YOUR OBJECTIVE
Please produce an exact transcription of the lines from the one containing "成長に合わせて自由に座れるロ" through the last line of the entries, leaving out every picture.

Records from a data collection
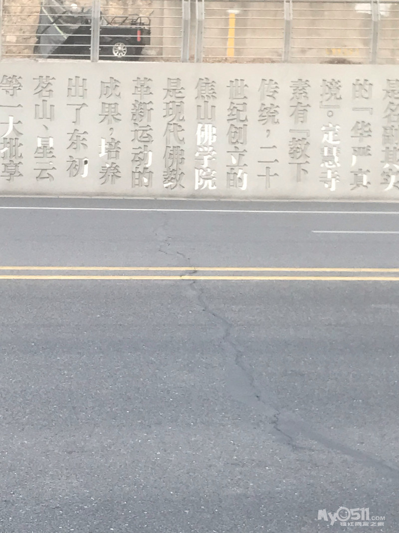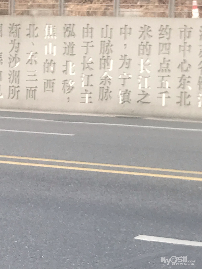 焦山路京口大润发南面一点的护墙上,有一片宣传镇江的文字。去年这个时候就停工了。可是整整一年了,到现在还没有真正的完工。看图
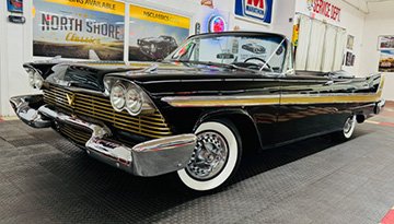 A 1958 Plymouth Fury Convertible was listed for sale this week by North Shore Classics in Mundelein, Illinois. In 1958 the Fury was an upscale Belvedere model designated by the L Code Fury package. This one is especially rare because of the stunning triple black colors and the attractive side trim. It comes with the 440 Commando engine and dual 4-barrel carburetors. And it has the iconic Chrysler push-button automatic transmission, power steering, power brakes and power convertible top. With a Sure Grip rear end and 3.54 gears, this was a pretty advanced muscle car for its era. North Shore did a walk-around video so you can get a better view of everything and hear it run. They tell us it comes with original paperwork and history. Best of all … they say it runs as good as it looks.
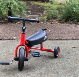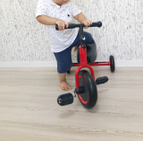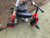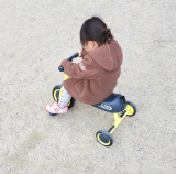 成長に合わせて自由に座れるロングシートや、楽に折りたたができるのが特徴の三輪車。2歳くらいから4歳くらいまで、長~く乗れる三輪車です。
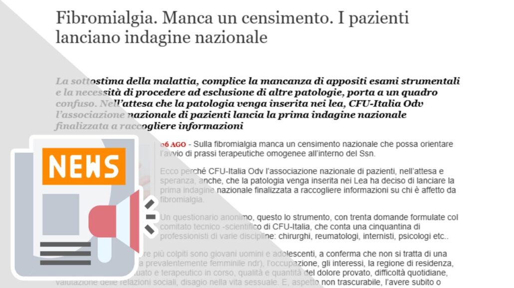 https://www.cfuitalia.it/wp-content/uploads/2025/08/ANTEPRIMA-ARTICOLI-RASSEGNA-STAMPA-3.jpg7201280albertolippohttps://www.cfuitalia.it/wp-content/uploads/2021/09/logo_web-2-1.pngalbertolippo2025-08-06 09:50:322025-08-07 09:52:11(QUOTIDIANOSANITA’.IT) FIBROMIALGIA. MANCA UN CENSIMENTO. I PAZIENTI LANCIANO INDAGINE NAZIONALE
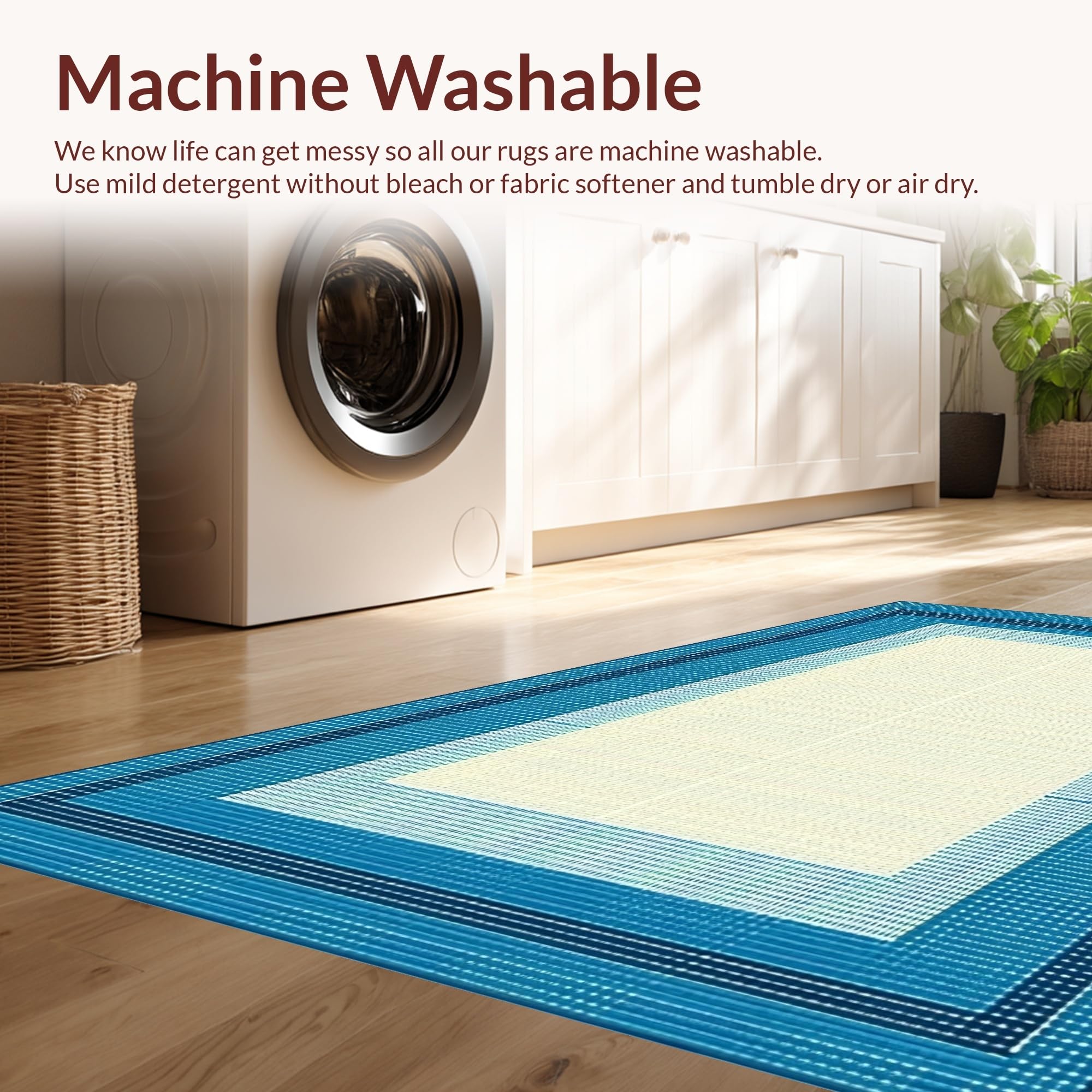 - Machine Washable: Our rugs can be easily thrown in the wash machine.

THE ANSWER
 成長に合わせて自由に座れるロングシートや、楽に折りたたができるのが特徴の三輪車。2歳くらいから4歳くらいまで、長~く乗れる三輪車です。
 https://www.cfuitalia.it/wp-content/uploads/2025/08/ANTEPRIMA-ARTICOLI-RASSEGNA-STAMPA-3.jpg7201280albertolippohttps://www.cfuitalia.it/wp-content/uploads/2021/09/logo_web-2-1.pngalbertolippo2025-08-06 09:50:322025-08-07 09:52:11(QUOTIDIANOSANITA’.IT) FIBROMIALGIA. MANCA UN CENSIMENTO. I PAZIENTI LANCIANO INDAGINE NAZIONALE
 - Machine Washable: Our rugs can be easily thrown in the wash machine.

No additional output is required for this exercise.